Anonymous Karen at Harvest said...

Hi Dutton, I was just reading through this thread, and we are sorry to see you go. Thanks for the feedback though, and good luck!

Best Wishes,
Karen

August 4, 2009 12:17 PM  
Blogger Dutton said...

Hi Karen, yeah, I'm sorry to make the choice too. I'm going to run both the next month to see if I really do benefit from making the switch, and without losing anything, but right now that's how it seems. I still love your app for invoicing more than anything else, but extra PM features of Intervals may be the deciding issue.

August 4, 2009 12:30 PM  
Anonymous PM Hut said...

This is an excellent comparison, I like the pricing part a lot. When you compared you assumed (and rightly so), that both Basecamp and Intervals are almost identical. Hope someone will take a look at this article on the ideal pm tool and focus on the second point.

August 17, 2009 10:45 AM  
Blogger Dutton said...

Thanks for your comment.

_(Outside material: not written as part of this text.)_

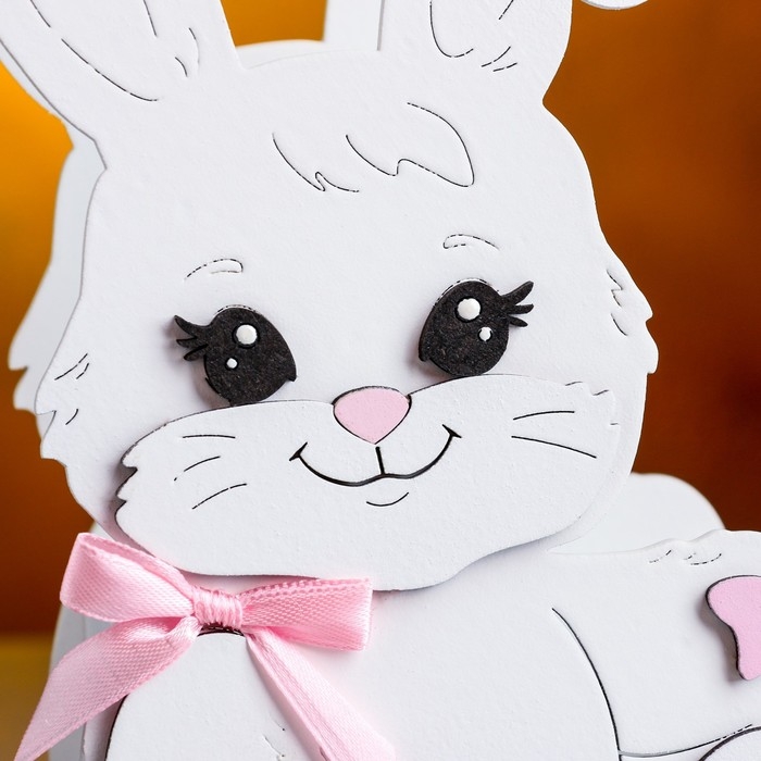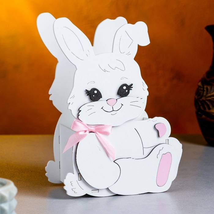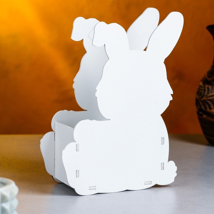 Кашпо деревянное "Зайка с бантом", 13,5х7х19,5 см, дуб, белый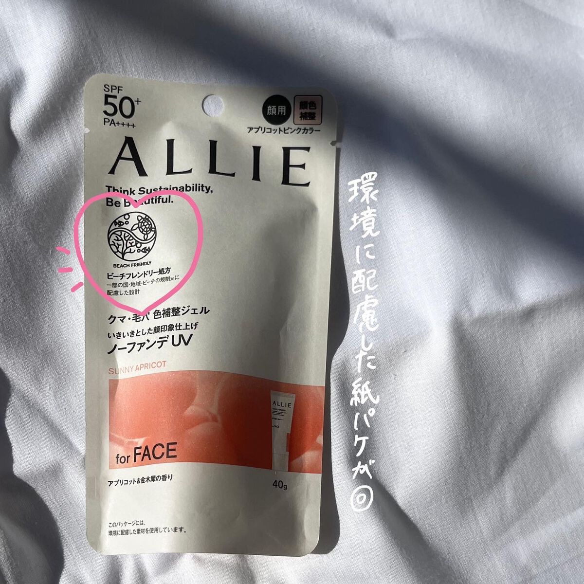 - 世界を想う 美しさつづく*1 日やけ止め おでかけも、マスクを外す機会も増える毎日に。 一部の国・地域・ビーチの規制に配慮した設計のビーチフレンドリー処方。 これ 1 本で、UV カット&顔色補整効果でクマ・くすみ・色ムラまでカバー! テカりにくく、くずれにくいノーファンデ UV*2 【ENNUI PURPLE】 くすみや毛穴をカバー 儚げな透明感のある顔印象続く 澄んだ気分を誘う 紫陽花しずく&セージの香り 【SUNNY APRICOT】 クマや毛穴をカバー いきいきとした血色感のある顔印象つづく 思わず出かけたくなる アプリコット&金木犀の香り 【SHERR BEIGE】 色ムラや毛穴をカバー 均一で抜け感のある顔印象つづく 自然で飾らない シトラスウッディ&パチュリの香り ●一部の国・地域・ビーチの規制に配慮した設計の「ビーチフレンドリー処方」 ●SPF50+・PA++++ ●汗・水 こすれに強く落ちにくい フリクションプルーフ・スーパーウォータープルーフ ●ベタつきにくい感触がつづく ●テカりにくくキレイな肌仕上がりがつづく ●環境に配慮した素材を使用したパッケージ採用 ●美容液成分(保湿)ヒアルロン酸Na配合 ●顔用 ●普段のメイククレンジングで落とせる ●マスク・タオル等につきにくい ●化粧下地効果 *1 スキンケア効果またはメイクアップ効果による肌仕上がりのこと *2 ファンデーション未使用時でも、自然なベースメイクが仕上がる日やけ止めのこと *3 チリ・ほこり・PM2.5・花粉等すべての微粒子汚れの付着を防ぐわけではありません 01:ENNUI PURPLE パープル 02:SUNNY APRICOT アプリコットピンク 03:SHEER BEIGE ミルキーベージュ

I looked at the link, and it seems like your main point is that a key PM feature that is needed is for people to be able to mark tasks as complete right within their email software, in reply to the task reminders the PM tool sends them. That would be a nice add-on feature. As it is, both Basecamp and Intervals have features that allow reminders to go out automatically, but I don't know of either offering status updates that don't require staff to log in to update their tasks.